The answer is every record that follows, printed exactly.

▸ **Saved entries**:
++++++++++++++++++++

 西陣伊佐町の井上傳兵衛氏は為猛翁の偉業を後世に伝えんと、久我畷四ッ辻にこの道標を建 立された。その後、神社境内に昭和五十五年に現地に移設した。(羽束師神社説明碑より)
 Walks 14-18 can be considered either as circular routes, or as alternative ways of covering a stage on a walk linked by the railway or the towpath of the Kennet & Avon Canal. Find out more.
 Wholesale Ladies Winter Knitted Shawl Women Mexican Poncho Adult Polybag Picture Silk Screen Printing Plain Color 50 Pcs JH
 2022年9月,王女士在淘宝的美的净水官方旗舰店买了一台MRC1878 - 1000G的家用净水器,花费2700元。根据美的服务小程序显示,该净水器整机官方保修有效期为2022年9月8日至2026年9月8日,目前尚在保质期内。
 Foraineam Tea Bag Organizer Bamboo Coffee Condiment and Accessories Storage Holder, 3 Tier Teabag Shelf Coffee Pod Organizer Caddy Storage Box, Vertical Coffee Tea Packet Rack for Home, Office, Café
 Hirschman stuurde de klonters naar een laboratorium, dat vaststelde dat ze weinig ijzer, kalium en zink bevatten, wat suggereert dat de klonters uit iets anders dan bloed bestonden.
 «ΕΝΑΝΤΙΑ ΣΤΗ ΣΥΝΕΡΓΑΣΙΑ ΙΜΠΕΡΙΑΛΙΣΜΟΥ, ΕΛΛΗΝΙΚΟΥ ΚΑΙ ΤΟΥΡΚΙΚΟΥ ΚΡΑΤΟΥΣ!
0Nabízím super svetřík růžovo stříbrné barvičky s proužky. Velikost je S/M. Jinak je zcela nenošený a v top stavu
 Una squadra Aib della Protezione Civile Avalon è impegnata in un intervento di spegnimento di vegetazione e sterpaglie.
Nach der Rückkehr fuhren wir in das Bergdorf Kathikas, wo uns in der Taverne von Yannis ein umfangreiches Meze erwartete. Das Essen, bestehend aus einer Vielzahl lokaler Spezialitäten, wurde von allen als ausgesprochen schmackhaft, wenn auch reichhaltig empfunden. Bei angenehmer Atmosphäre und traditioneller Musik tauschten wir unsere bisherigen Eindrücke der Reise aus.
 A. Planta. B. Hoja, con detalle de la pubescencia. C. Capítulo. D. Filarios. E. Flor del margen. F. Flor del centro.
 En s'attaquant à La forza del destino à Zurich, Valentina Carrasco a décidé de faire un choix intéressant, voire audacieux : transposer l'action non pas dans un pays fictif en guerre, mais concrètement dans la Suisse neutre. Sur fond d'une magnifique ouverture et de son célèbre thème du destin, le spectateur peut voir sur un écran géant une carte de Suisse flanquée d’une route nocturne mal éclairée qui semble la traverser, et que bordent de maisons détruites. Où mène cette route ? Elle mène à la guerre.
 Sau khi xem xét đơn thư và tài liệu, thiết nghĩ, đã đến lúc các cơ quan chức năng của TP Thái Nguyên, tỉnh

++++++++++++++++++++

▸ **Reply**:
 西陣伊佐町の井上傳兵衛氏は為猛翁の偉業を後世に伝えんと、久我畷四ッ辻にこの道標を建 立された。その後、神社境内に昭和五十五年に現地に移設した。(羽束師神社説明碑より)
 Walks 14-18 can be considered either as circular routes, or as alternative ways of covering a stage on a walk linked by the railway or the towpath of the Kennet & Avon Canal. Find out more.
 Wholesale Ladies Winter Knitted Shawl Women Mexican Poncho Adult Polybag Picture Silk Screen Printing Plain Color 50 Pcs JH
 2022年9月,王女士在淘宝的美的净水官方旗舰店买了一台MRC1878 - 1000G的家用净水器,花费2700元。根据美的服务小程序显示,该净水器整机官方保修有效期为2022年9月8日至2026年9月8日,目前尚在保质期内。
 Foraineam Tea Bag Organizer Bamboo Coffee Condiment and Accessories Storage Holder, 3 Tier Teabag Shelf Coffee Pod Organizer Caddy Storage Box, Vertical Coffee Tea Packet Rack for Home, Office, Café
 Hirschman stuurde de klonters naar een laboratorium, dat vaststelde dat ze weinig ijzer, kalium en zink bevatten, wat suggereert dat de klonters uit iets anders dan bloed bestonden.
 «ΕΝΑΝΤΙΑ ΣΤΗ ΣΥΝΕΡΓΑΣΙΑ ΙΜΠΕΡΙΑΛΙΣΜΟΥ, ΕΛΛΗΝΙΚΟΥ ΚΑΙ ΤΟΥΡΚΙΚΟΥ ΚΡΑΤΟΥΣ!
0Nabízím super svetřík růžovo stříbrné barvičky s proužky. Velikost je S/M. Jinak je zcela nenošený a v top stavu
 Una squadra Aib della Protezione Civile Avalon è impegnata in un intervento di spegnimento di vegetazione e sterpaglie.
Nach der Rückkehr fuhren wir in das Bergdorf Kathikas, wo uns in der Taverne von Yannis ein umfangreiches Meze erwartete. Das Essen, bestehend aus einer Vielzahl lokaler Spezialitäten, wurde von allen als ausgesprochen schmackhaft, wenn auch reichhaltig empfunden. Bei angenehmer Atmosphäre und traditioneller Musik tauschten wir unsere bisherigen Eindrücke der Reise aus.
 A. Planta. B. Hoja, con detalle de la pubescencia. C. Capítulo. D. Filarios. E. Flor del margen. F. Flor del centro.
 En s'attaquant à La forza del destino à Zurich, Valentina Carrasco a décidé de faire un choix intéressant, voire audacieux : transposer l'action non pas dans un pays fictif en guerre, mais concrètement dans la Suisse neutre. Sur fond d'une magnifique ouverture et de son célèbre thème du destin, le spectateur peut voir sur un écran géant une carte de Suisse flanquée d’une route nocturne mal éclairée qui semble la traverser, et que bordent de maisons détruites. Où mène cette route ? Elle mène à la guerre.
 Sau khi xem xét đơn thư và tài liệu, thiết nghĩ, đã đến lúc các cơ quan chức năng của TP Thái Nguyên, tỉnh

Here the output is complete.